Hope you and family well. Merry Christmas. Here's an unusal aspect of the regresson bias. Wonder to what extent this consistent with properties of random numbers and to what extent it represents a change in the level of skill or in this case price change. It would be an interesting study. I was pleased that my daughter Kira got into Columbia Engineering School on early admission and another daughter had a grandson Wilder Niederhoffer named after a Libertarian. Best, Vic

Dear Vic,

This is the same as Horace Secrist "Triumph of Mediocrity in Business" 1933, in Chapter 8 of my book Statistics on the Table.

Congrats to all your successful avoidance of and tendency towards mediocrity in your descendents!

I attach my remarks from a memorial for Rose Friedman Dec 12.

Have a happy new year! Steve

Market cap 10 year free market survivors: old fashioned energy (big oil), food (Walmart), and technology (human invention) lead the list and boring consumer Gillette (razor blades for everyman). Things the human race needs for survival and to thrive will always be investments that will endure.

Big government wants to bleed big oil, keep food out of banking (probably best that Walmart was denied a key to the club after all), litigate tech for the halibut. And what can be done to Gillette? Maybe the healthcare bill can attach itself to some personal care products and bleed a little off. Also, energy, food, and the stuff everyone buys is what the government tries to melt out of the inflation indexes. So what we need is what they attack and thus make more expensive to us and then they tell us that its not more expensive and to just substitute chicken for meat.

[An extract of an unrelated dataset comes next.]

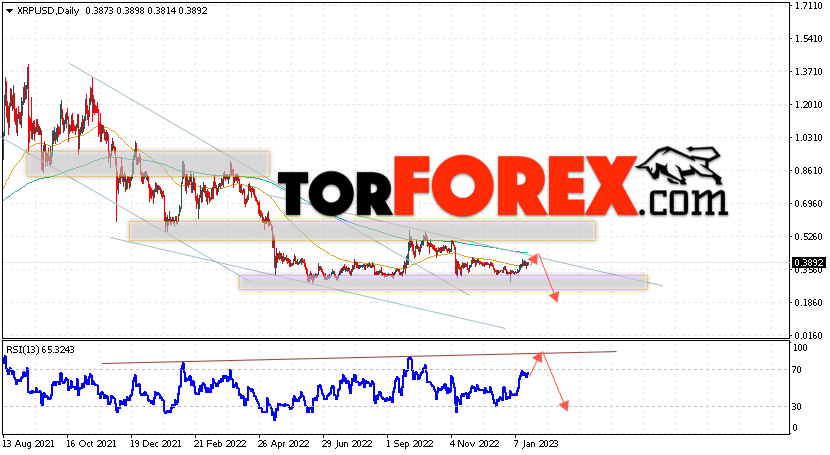 Дополнительным сигналом в пользу падения котировок XRP на текущей торговой неделе 23 — 27 января 2023 выступит тест линии сопротивления на индикаторе относительной силы. Вторым сигналом станет отскок от верхней границы нисходящего канала. Отменой варианта падения криптовалюты Ripple станет сильный рост цен и пробой области 0.5235. Это укажет на пробой области сопротивления и продолжение роста котировок XRP/USD с целью выше уровня 0.6505. Подтверждением падению криптовалюты выступит пробой области поддержки и закрытие котировок ниже области 0.3215.

GE? what do they do other than derivatives and green initiatives which are starting to turn a little brown.

## Kim Zussman replies:

From the "getting little things right but big ones wrong" department:

What were dinosaurs long at KT boundary?

Prior decade's math/science PhDs lemming into finance.

New decade definition: "lemming": The process of best/brightest young people flowing en mass to the latest promising nascent bubble.